Hi Rowan,
I read the code, and I have some questions. As my understanding, the follwing 2 lines refers to the Grounding part of R2C moel.
q_rep, q_obj_reps = self.embed_span(question, question_tags, question_mask, obj_reps['obj_reps'])
a_rep, a_obj_reps = self.embed_span(answers, answer_tags, answer_mask, obj_reps['obj_reps'])
in contextualization part, αi,j=softmaxj(riWqj), qi=∑jαi,jqj.(2) is used to find attended query, the corresponding code as follows, but I'm a little confused, is qa_similarity refers to ri*qi in the described equation? Because qa_similarity and question_mask are used to calculate weight, and then the weight is input into torch.einsum to get attend_q. I cannot match the equation with code.

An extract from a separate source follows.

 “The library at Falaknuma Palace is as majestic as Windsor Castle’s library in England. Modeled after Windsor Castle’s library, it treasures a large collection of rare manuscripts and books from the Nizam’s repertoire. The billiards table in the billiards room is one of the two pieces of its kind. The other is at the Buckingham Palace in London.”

qa_similarity = self.span_attention(
q_rep.view(q_rep.shape[0] * q_rep.shape[1], q_rep.shape[2], q_rep.shape[3]),
a_rep.view(a_rep.shape[0] * a_rep.shape[1], a_rep.shape[2], a_rep.shape[3]),
).view(a_rep.shape[0], a_rep.shape[1], q_rep.shape[2], a_rep.shape[2])

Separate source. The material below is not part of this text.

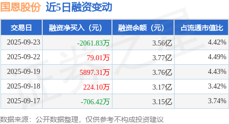 证券之星消息,9月23日,国恩股份(002768)融资买入2602.88万元,融资偿还4664.71万元,融资净卖出2061.83万元,融资余额3.56亿元,近20个交易日中有11个交易日出现融资净买入。

qa_attention_weights = masked_softmax(qa_similarity, question_mask[..., None], dim=2)
attended_q = torch.einsum('bnqa,bnqd->bnad', (qa_attention_weights, q_rep))
# Have a second attention over the objects, do A by Objs
# [batch_size, 4, answer_length, num_objs]
atoo_similarity = self.obj_attention(a_rep.view(a_rep.shape[0], a_rep.shape[1] * a_rep.shape[2], -1),
obj_reps['obj_reps']).view(a_rep.shape[0], a_rep.shape[1],
a_rep.shape[2], obj_reps['obj_reps'].shape[1])
atoo_attention_weights = masked_softmax(atoo_similarity, box_mask[:,None,None])
attended_o = torch.einsum('bnao,bod->bnad', (atoo_attention_weights, obj_reps['obj_reps']))
In reasoning part, the input is torch.cat result of a_rep,attended_o, and attended_q. But why use self.reasoning_use_answer and self.reason_use_obj....and I saw all of these bool parameter is true.
reasoning_inp = torch.cat([x for x, to_pool in [(a_rep, self.reasoning_use_answer),
(attended_o, self.reasoning_use_obj),
(attended_q, self.reasoning_use_question)]
if to_pool], -1)
Sorry for the black things, I don't know how to change the color.....
best regards,
Xuejiao